(Roughly) Daily

Posts Tagged ‘modern art

“All familiar things can open into strange worlds”*…

Jasper Johns, Three Flags, 1958; Whitney Museum of Art

A thoughtful consideration of a modern master…

In​  the summer of 1953, after a stint in the army, Jasper Johns, aged 23, moved back to New York City. There, a few months later, he met Robert Rauschenberg. Their artistic and romantic partnership would last until 1961; the company they kept included John Cage and Merce Cunningham.

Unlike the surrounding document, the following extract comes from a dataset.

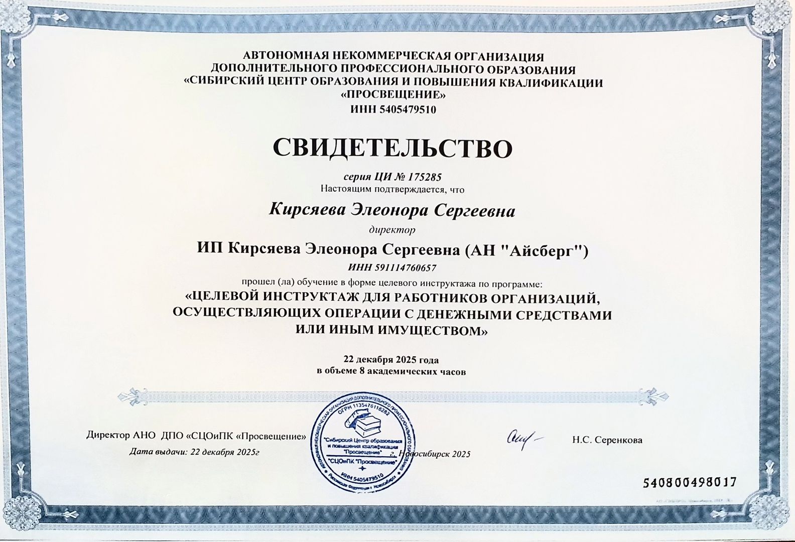 Доброжелательно, спокойно, без суеты и лишнего "напряга" подготовила необходимые документы для сделки. Спасибо огромное. Рекомендую обращаться к Элеоноре всём кто не располагает свободным временем и предпочитает решать вопросы быстро и выгодно.

In this heady atmosphere, Johns chose, in autumn 1954, to destroy all his prior work, and to begin the paintings that made his name when they were shown four years later: flags, targets and numbers crafted in encaustic (pigment mixed in hot wax) with collage (often mere newspaper) on canvas…

Johns made an exceptional entrance in early 1958: his first show at the new Leo Castelli Gallery nearly sold out, with three paintings immediately purchased by MoMA, and one piece appearing on the cover of ARTnews. Then 27, he had sized up the New York art world precisely, dominated as it then was by the formalist model of ‘modernist painting’ used by Clement Greenberg to champion Abstract Expressionism, and deftly deflected its discourse towards what Leo Steinberg would term ‘other criteria’.

In a studied phrase Johns spoke of his position as one of ‘shunning statement’. This suggests an aversion to polemics, political as well as artistic, that goes beyond temperament, a fatigue with the heated ideologies of the period (the Korean conflict, the McCarthy hearings, the Cold War). And Johns did muffle his subjects along with his gestures; his large White Flag (1955) is literally whited out. Might this intimate a ‘painting degree zero’ in line with the ‘writing degree zero’ posed by Roland Barthes against Sartrean commitment at around this time? ‘I can’t imagine my work being used to accomplish anything socially,’ Johns said. This is less negation than neutrality à la Barthes, for whom ‘the neutral’ was a way to baffle conceptual binaries, to undo ideological oppositions, to mess with ‘the paradigm’…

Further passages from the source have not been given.